Scorching summer was France’s second hottest on record

Three heatwaves since June produced France's second-hottest summer since records began in 1900, the Météo France weather service said on Tuesday, warning that scorching temperatures will be increasingly common as the climate crisis intensifies.

Scorching summer was France's second hottest on record

With 33 days of extreme heat overall, average temperatures for June, July and August were 2.3C above normal for the period of 1991-2020.

It was surpassed only by the 2003 heatwave that caught much of France unprepared for prolonged scorching conditions, leading to nearly 15,000 heat-related deaths, mainly among the elderly.

Data is not yet available for heat-related deaths this summer, but it is likely to be significantly lower than 15,000 thanks to preventative measures taken by local and national authorities. 

Most experts attribute the rising temperatures to the climate crisis, with Météo France noting that over the past eight summers in France, six have been among the 10-hottest ever.

By 2050, “we expect that around half of summer seasons will be at comparable temperatures, if not higher,” even if greenhouse gas emissions are contained, the agency’s research director Samuel Morin said at a press conference.
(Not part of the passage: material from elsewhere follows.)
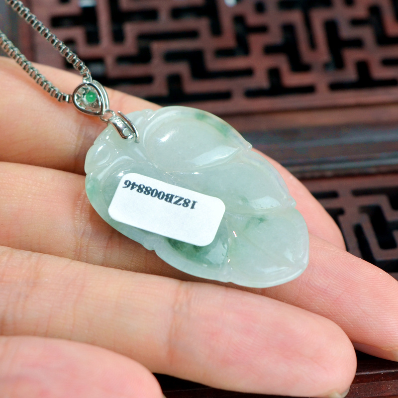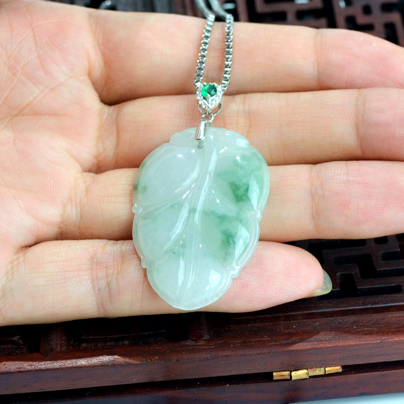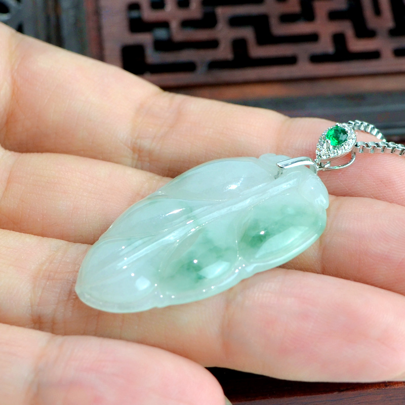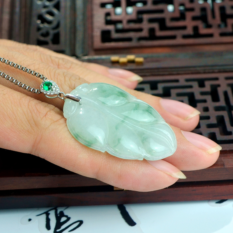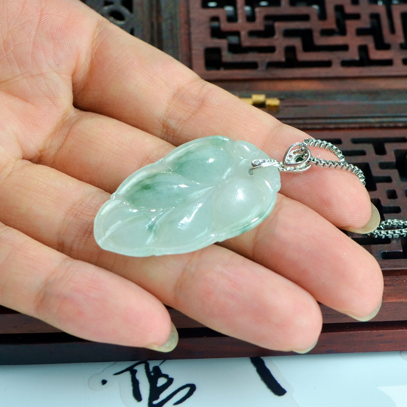 飘花天然翡翠吊坠女款葫芦福瓜如意缅甸A货玉石挂件玉叶子吊坠

The heat helped drive a series of wildfires across France this summer, in particular a huge blaze in the southwest that burned for more than a month and blackened 20,000 hectares. 

Unusually, wildfires also broke out even in the normally cooler north of the country, and in total an area five times the size of Paris burned over the summer. 

Adding to the misery was a record drought that required widespread limits on water use, with July the driest month since 1961 – many areas still have water restrictions in place.

MAP: Where in France are there water restrictions and what do they mean?

Forecasters have also warned that autumn storms around the Mediterranean – a regular event as air temperatures cool – will be unusually intense this year because of the very high summer temperatures. A storm that hit the island of Corsica in mid August claimed six lives. 

“The summer we’ve just been through is a powerful call to order,” Prime Minister Elisabeth Borne said on Monday, laying out her priorities for an “ecological planning” programme to guide France’s efforts against climate change.